2. - The system according to claim 1, characterized in that the channels comprise one or more portions of a helix, a spiral, a coil, a compound curve, a three-dimensional spline curve, or a serpentine path.

3. - The system according to claim 1, characterized in that the anodes and cathodes are configured as sleeves having different diameters.

4. - The system according to claim 1, characterized in that one or more protuberances extend from the anodes and / or cathodes and upper and lower walls of each of the channels.

5. - The system according to claim 4, characterized in that one or more protuberances extend in a helical path, a spiral path, a coil, a compound curve, a three-dimensional spline curve, or a serpentine path.

6. - The system according to claim 4, characterized in that one or more protuberances extend radially inwardly or radially outwardly.

7, - A continuous electrolytic extraction method characterized in that it comprises the steps of: providing an electrolytic extraction system comprising a cell body configured to maintain the electrolyte solution at a high pressure and / or temperature within the cell body; a plurality of anodes; a plurality of cathodes nested with the anodes; an input configured to receive an influent current from the electrolyte solution, the input is configured to the direct portions of the influent current between the anodes and cathodes; a first outlet configured to discharge an effluent stream of spent electrolyte solution; a second outlet configured to remove the cathode mud / silt concentrate; and a residence chamber configured to dynamically and continuously transfer the electrolyte solution from the entrance to the first exit and increase the residence time of the electrolyte solution between the anodes and the cathodes, the residence chamber comprising a plurality of channels, defined between the anodes, the cathodes, and a number of insulators separating the anodes from the cathodes, wherein the plurality of channels is configured to provide a forced flow of the electrolyte solution therein, which is strong enough to continuously dislodge and / or move the cathode mud / silt concentrate; along and, finally, out of the plurality of channels; dynamically and continuously feeding the electrolyte solution at the entrance; and eliminating in a dynamic and continuous way the electrolyte solution exhausted from the first outlet.

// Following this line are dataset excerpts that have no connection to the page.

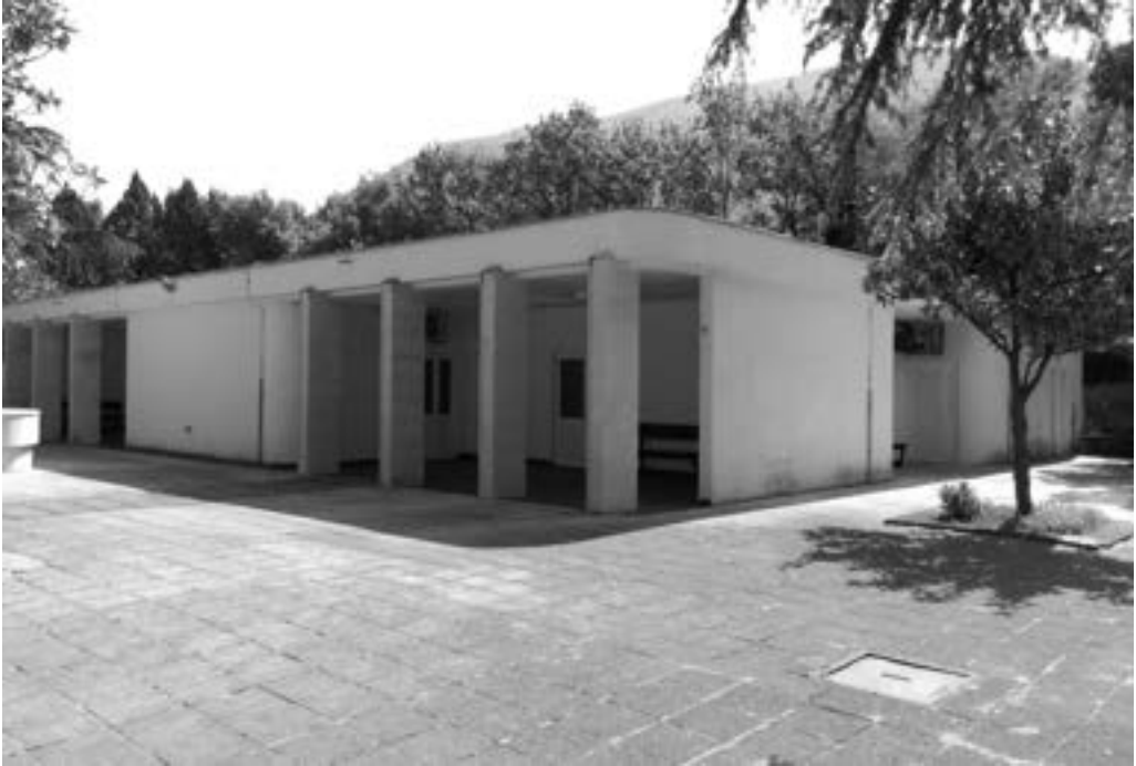
Gradsko groblje Sutina 2343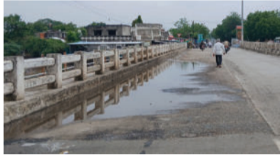
કે નાનું તળાવ બની ગયું હોય તેવા દ્રશ્યો સર્જાય છે. પાણીના નિકાલ માટે બનાવેલા સાઈડના પાઈપોમાં કચરો ભરાઈ જવાથી પાણી બહાર નીકળી શકતું નથી. પરિણામે પસાર થતા વાહનોના કારણે

દામનગરમાં અંદાજે આઠ વર્ષ પહેલા રૂ. દોઢ કરોડના ખર્ચે બનાવવામાં આવેલા નવા પુલ પર વરસાદ પડતા જ પાણી ભરાઈ જવાની સમસ્યા ફરી સામે આવી છે. પુલ પર વરસાદી પાણીનો એટલો ભરાવો થાય છે કે જાણે ચેક ડેમ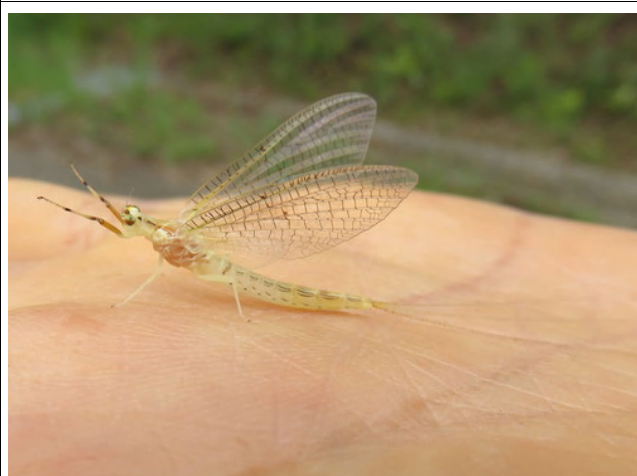
羽化したばかりのカゲロウのなかま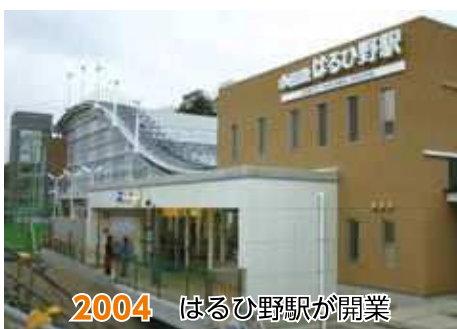
2004 はるひ野駅が開業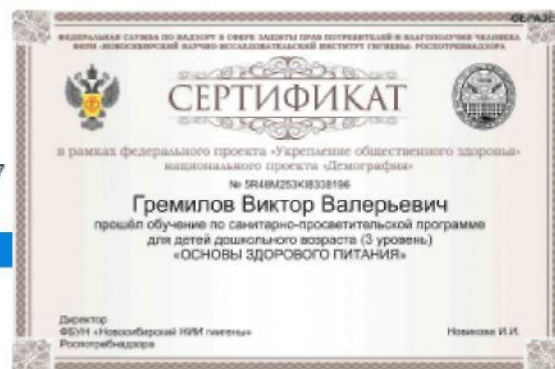
Рис. 15. – Просмотр результатов итогового тестирования и получение сертификата, подтверждающего успешность прохождения обучения

В случае если набрано менее 80% правильных ответов, Программа указывает проблемные разделы и предлагает пройти тестирование повторно. Количество повторных тестирований не ограничено по количеству, но ограничено по времени. Повторное тестирование можно пройти не ранее чем через 24 часа от предыдущего тестирования.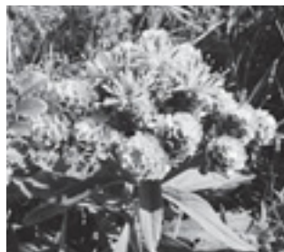
ヒメヒゴタイ (キク科)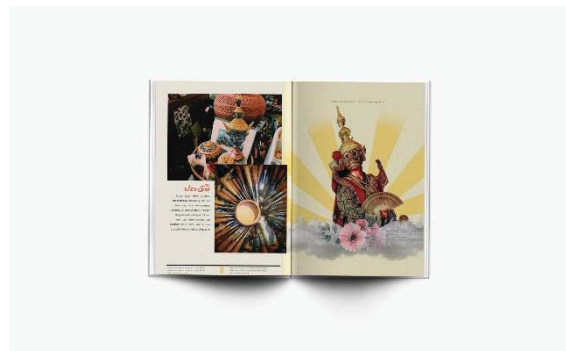
ภาพที่ 3.2 ภาพแสดงตัวอย่างด้านในหนังสือใน รูปแบบจริง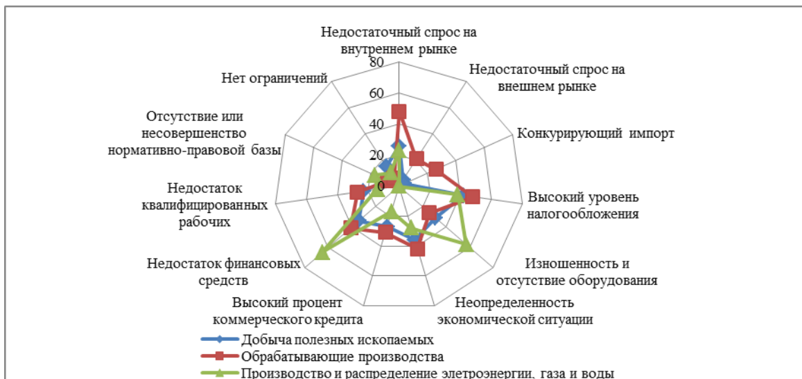
Рисунок 1 – Оценка основных факторов, ограничивающих рост производства, на предприятиях добывающих, обрабатывающих производств, производства и распределения электроэнергии, газа и воды в РФ на декабрь 2011г. в % от числа опрошенных [1]

По данным исследования международной компании Ernst & Young Global Limited [4] среди основных факторов, сдерживающих расширение деятельности в агропромышленном комплексе, респонденты в 2013г назвали - дефицит квалифицированной силы 61%, недостаток финансирования 56%, низкая маржинальность деятельности 50%, высокий уровень конкуренции 22%. Необходимо конечно, указать еще ряд специфичных факторов – отсутствие товаропроводящих каналов, необходимость создания площадок для переработки и/или хранения продукции, неблагоприятные климатические условия, низкий уровень социального обустройства, продолжающийся процесс дробления хозяйств и перехода на мелкотоварное производство.

8. - The method according to claim 6, characterized in that one or more channels comprise one or more portions of a helix, a spiral, a coil, a compound curve, a three-dimensional spline curve, or a serpentine path.

9. - The method according to claim 7, characterized in that the anodes and cathodes are configured as sleeves having different diameters.

10. - The method according to claim 7, characterized in that one or more protuberances extend from the anodes and / or the cathodes and form the upper and lower walls of the plurality of channels.

11. - The method according to claim 10, characterized in that one or more protuberances extend in a helical path, a spiral path, a coil, a compound curve, a three-dimensional spline curve, or a serpentine path.

12. - The method according to claim 10, characterized in that one or more protuberances extend radially inwardly or radially outwards.

13. - The method according to claim 7, characterized in that it further comprises the step of eliminating the cathode mud / silt concentrate from the system through the second outlet.

14. - A continuous electrolytic extraction cell characterized in that it comprises: a plurality of anodes forming portions of a plurality of channels; a plurality of cathodes nested with the anodes and forming portions of the channels; Y a number of insulators that form portions of the channels; wherein the channels are configured to increase the amount of residence time of the electrolyte solution between anodes and cathodes; Y wherein the channels are configured to dynamically and continuously provide a forced flow of an electrolyte solution therein that is strong enough to continuously dislodge and / or move the cathode mud / silt concentrate along and finally out of the channels.